2. A decoding device, wherein, have: Circuits; and The memory is connected to the circuit. The circuit is in operation. The configuration information representing the configurations of multiple sub-images contained in an image is decoded, and the multiple sub-images are determined according to the conditions of the multiple sub-images. Decode each of the plurality of sub-images. The condition is that at least one pixel in each of the plurality of sub-images is contained within the same consistent cropping window of the image, which serves as the display object area. The condition includes that the left end of each of the plurality of sub-images is located to the left of the right end of the consistent cropping window.
3. An encoding method, wherein, Each of the multiple sub-images contained in the design image. The configuration information representing the individual configurations of multiple sub-images within an image is encoded. Each of the plurality of sub-images is encoded. Each of the plurality of sub-images is designed such that at least one pixel in each sub-image is contained within the same consistent cropping window in the image. The conditions for designing the plurality of sub-images include that the left end of each of the plurality of sub-images is located to the left of the right end of the consistency clipping window.

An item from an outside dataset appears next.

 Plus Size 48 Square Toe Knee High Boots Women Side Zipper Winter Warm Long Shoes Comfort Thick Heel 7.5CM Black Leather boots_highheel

4. A decoding method, wherein, The configuration information representing the configurations of multiple sub-images contained in an image is decoded, and the multiple sub-images are determined according to the conditions of the multiple sub-images. Decode each of the plurality of sub-images. The condition is that at least one pixel in each of the plurality of sub-images is contained within the same consistent cropping window of the image, which serves as the display object area. The condition includes that the left end of each of the plurality of sub-images is located to the left of the right end of the consistent cropping window.

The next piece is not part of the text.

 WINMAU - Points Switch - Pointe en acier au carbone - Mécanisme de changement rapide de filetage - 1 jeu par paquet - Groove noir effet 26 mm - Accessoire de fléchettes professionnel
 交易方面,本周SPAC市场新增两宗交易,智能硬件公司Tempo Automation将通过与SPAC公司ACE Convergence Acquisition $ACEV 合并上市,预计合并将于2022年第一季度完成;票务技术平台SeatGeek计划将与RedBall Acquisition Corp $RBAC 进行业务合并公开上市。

5. A bit stream transmitting device, wherein, have: Memory; and The circuit is connected to the memory. The circuit is in operation. Generate the first parameter representing the configuration of each of the multiple sub-images contained in the image. The circuit is in operation. Send a bit stream containing the first parameter. The first parameter indicates that each of the plurality of sub-images in the image is configured such that at least one pixel contained in each sub-image is included in the same consistent cropping window in the image. The left end of each of the plurality of sub-images is located to the left of the right end of the consistent cropping window.

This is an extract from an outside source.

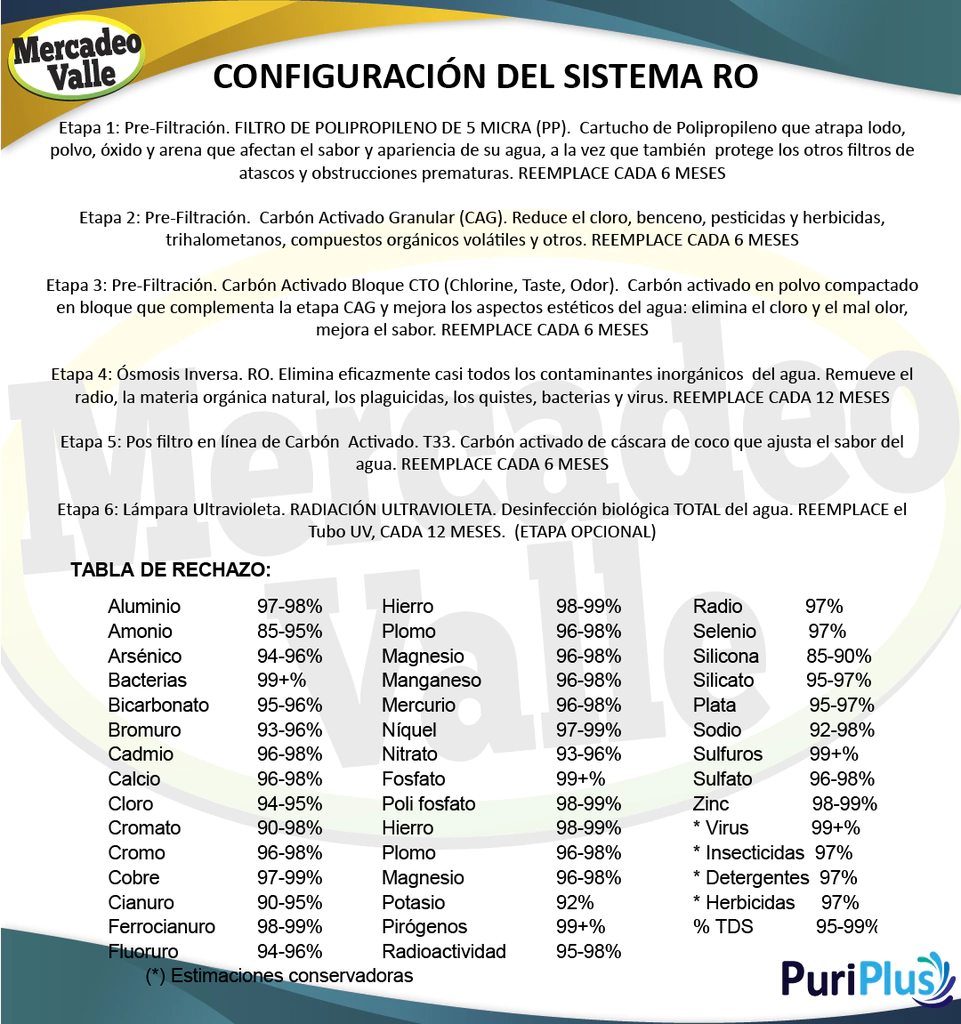 6 ETAPAS: SEDIMENTOS PP 5micra + CARBON GRANULAR GAC + CARBON BLOQUE CTO + RO OSMOSIS INVERSA + T33 CARBON CASCARA COCO 5 + LUZ UV 6 WATTIOS

6. A non-transitory storage medium for storing computer programs and bit streams, wherein, When the computer program is executed by a processor, the encoding method of claim 3 is implemented to generate the bit stream. The bitstream includes a first parameter, which represents the configuration of each of the multiple sub-images contained in the image. The first parameter indicates that each of the plurality of sub-images in the image is configured such that at least one pixel contained in each sub-image is included in the same consistent cropping window in the image. The left end of each of the plurality of sub-images is located to the left of the right end of the consistent cropping window.